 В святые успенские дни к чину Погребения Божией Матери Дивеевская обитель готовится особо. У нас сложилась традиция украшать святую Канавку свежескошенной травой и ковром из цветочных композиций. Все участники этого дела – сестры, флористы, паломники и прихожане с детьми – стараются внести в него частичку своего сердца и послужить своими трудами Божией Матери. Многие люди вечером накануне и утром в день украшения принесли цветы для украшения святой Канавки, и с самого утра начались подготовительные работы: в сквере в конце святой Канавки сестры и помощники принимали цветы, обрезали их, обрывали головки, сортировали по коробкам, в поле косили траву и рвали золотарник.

----

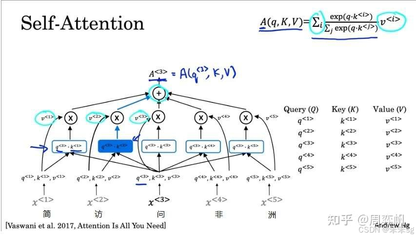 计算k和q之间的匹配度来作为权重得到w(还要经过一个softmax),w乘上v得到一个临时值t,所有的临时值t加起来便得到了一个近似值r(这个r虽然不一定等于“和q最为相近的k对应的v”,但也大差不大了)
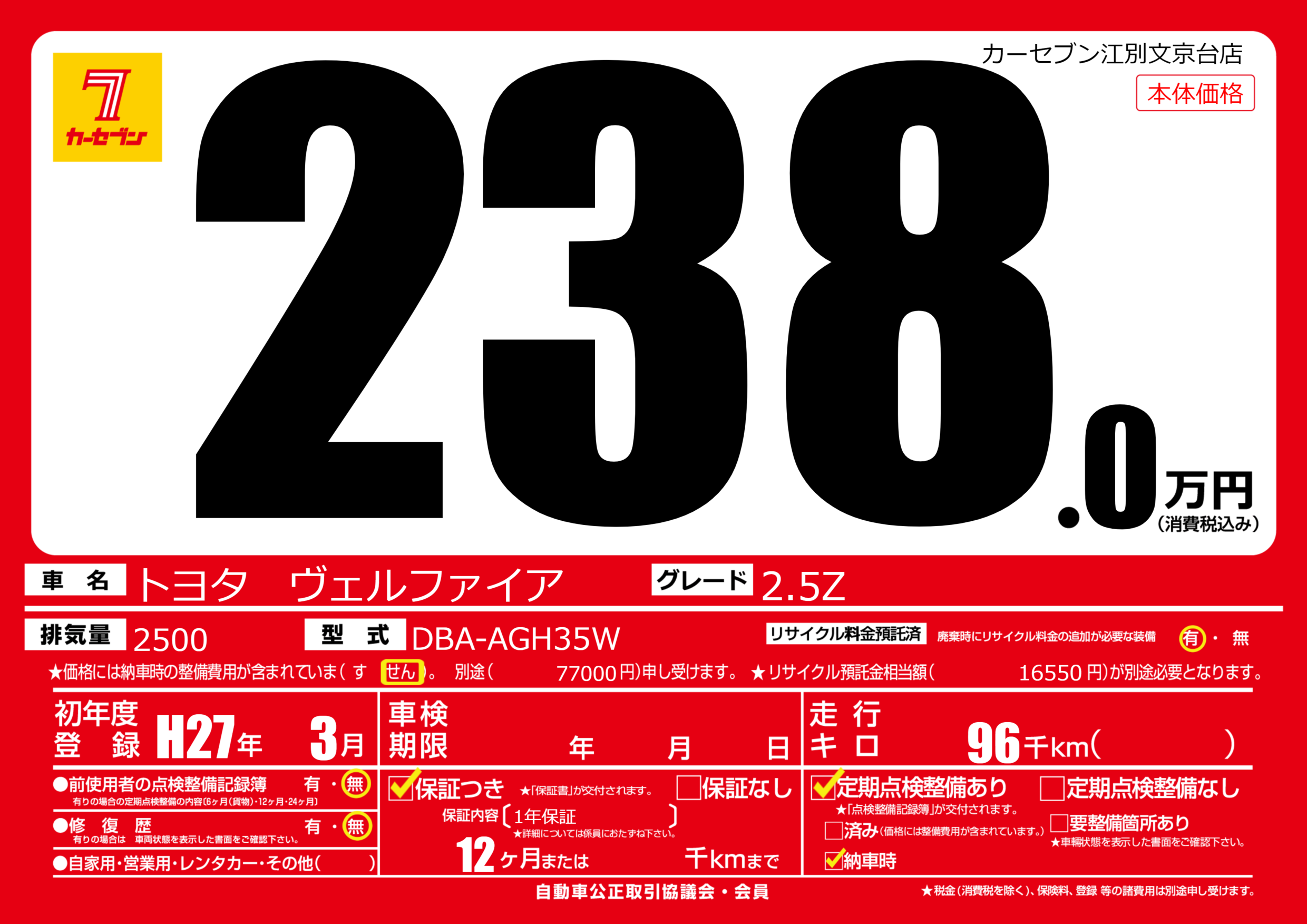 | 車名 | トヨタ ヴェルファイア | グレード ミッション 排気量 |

----

- Task: Return exactly the lines that appear in the data above between the line containing "计算k和q之间的匹配度来作为" and the line containing "ミッション 排気量 |", both of which are included, and leave the pictures out.

- Solution to the problem:
 计算k和q之间的匹配度来作为权重得到w(还要经过一个softmax),w乘上v得到一个临时值t,所有的临时值t加起来便得到了一个近似值r(这个r虽然不一定等于“和q最为相近的k对应的v”,但也大差不大了)
 | 車名 | トヨタ ヴェルファイア | グレード ミッション 排気量 |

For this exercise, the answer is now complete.